--- PROMPT ---
Copy the entries below exactly, but only from the line containing "de la maladie." through the final line.

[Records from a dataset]
BEGIN

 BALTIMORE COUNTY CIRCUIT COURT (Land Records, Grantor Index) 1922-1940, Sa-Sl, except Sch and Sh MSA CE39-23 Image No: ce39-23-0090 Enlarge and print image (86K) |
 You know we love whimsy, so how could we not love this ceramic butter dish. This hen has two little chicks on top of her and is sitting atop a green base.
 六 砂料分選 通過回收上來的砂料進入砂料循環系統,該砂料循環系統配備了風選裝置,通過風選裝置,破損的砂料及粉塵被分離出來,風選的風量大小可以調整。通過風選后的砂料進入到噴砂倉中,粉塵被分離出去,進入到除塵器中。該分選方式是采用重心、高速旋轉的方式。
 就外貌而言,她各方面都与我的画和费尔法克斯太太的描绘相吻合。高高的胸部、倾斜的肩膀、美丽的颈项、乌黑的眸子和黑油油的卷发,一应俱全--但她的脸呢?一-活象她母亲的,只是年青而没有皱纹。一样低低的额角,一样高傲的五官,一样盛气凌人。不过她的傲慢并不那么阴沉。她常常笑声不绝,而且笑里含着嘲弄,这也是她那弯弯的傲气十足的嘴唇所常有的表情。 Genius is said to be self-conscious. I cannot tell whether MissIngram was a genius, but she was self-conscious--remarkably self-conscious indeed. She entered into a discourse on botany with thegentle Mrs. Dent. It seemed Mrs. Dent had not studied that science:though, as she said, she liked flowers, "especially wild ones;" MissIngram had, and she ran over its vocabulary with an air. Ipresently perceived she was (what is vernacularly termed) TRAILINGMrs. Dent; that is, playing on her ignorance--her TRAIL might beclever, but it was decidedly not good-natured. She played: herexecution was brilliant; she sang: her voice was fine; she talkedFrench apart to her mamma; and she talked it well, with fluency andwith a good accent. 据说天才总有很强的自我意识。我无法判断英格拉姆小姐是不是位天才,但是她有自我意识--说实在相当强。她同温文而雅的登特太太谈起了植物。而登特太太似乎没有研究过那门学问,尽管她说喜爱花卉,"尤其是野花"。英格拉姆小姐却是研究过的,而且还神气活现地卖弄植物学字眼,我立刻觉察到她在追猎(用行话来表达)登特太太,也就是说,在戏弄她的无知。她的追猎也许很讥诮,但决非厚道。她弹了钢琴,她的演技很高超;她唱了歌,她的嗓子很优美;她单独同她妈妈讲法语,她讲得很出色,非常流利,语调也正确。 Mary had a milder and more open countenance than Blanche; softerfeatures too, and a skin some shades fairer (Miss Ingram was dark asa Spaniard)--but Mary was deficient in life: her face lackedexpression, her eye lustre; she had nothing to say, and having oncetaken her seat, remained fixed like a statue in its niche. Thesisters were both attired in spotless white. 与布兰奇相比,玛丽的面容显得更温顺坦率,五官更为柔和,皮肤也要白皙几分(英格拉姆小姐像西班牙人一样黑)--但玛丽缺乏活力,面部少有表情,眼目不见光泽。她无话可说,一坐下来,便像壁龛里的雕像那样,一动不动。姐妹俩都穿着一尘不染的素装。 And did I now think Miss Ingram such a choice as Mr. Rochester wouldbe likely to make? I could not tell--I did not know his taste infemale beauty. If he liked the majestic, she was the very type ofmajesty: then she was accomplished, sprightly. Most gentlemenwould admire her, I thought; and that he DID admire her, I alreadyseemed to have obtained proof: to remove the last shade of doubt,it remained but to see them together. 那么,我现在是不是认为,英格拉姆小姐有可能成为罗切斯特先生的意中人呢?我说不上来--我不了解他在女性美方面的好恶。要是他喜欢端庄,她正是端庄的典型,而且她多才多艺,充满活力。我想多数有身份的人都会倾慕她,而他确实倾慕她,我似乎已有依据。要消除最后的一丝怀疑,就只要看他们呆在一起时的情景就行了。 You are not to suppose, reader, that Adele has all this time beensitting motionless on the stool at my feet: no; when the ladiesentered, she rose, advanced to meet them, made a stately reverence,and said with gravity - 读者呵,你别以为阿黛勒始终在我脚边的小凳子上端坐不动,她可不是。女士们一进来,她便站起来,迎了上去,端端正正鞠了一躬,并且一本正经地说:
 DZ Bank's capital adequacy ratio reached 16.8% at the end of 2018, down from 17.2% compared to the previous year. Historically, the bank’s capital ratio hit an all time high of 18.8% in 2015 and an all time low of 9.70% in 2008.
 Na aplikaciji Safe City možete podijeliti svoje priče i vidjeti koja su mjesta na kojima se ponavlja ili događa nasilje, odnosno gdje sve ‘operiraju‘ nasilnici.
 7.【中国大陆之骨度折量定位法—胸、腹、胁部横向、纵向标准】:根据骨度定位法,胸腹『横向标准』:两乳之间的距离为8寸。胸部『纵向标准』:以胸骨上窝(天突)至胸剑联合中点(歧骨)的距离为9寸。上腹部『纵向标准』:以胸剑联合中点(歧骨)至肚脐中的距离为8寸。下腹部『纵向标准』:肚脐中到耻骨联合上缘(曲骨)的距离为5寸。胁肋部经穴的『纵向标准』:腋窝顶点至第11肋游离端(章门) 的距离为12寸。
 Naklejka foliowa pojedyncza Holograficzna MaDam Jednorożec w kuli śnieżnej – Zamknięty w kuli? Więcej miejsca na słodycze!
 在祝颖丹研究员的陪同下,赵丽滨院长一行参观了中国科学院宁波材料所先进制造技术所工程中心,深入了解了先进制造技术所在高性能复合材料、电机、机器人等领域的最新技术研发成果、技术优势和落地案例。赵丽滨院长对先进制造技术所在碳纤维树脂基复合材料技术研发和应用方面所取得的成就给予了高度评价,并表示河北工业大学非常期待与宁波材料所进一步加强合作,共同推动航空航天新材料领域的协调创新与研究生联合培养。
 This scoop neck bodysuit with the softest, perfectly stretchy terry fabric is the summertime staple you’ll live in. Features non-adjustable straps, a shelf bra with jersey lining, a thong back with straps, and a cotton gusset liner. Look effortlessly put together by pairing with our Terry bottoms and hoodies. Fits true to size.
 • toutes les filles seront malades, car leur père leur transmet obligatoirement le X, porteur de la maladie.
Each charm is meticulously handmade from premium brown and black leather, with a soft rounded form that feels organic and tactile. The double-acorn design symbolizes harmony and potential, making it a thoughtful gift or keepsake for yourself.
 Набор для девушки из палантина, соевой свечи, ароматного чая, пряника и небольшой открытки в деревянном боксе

END

--- THE COMPLETED TASK ---
 • toutes les filles seront malades, car leur père leur transmet obligatoirement le X, porteur de la maladie.
Each charm is meticulously handmade from premium brown and black leather, with a soft rounded form that feels organic and tactile. The double-acorn design symbolizes harmony and potential, making it a thoughtful gift or keepsake for yourself.
 Набор для девушки из палантина, соевой свечи, ароматного чая, пряника и небольшой открытки в деревянном боксе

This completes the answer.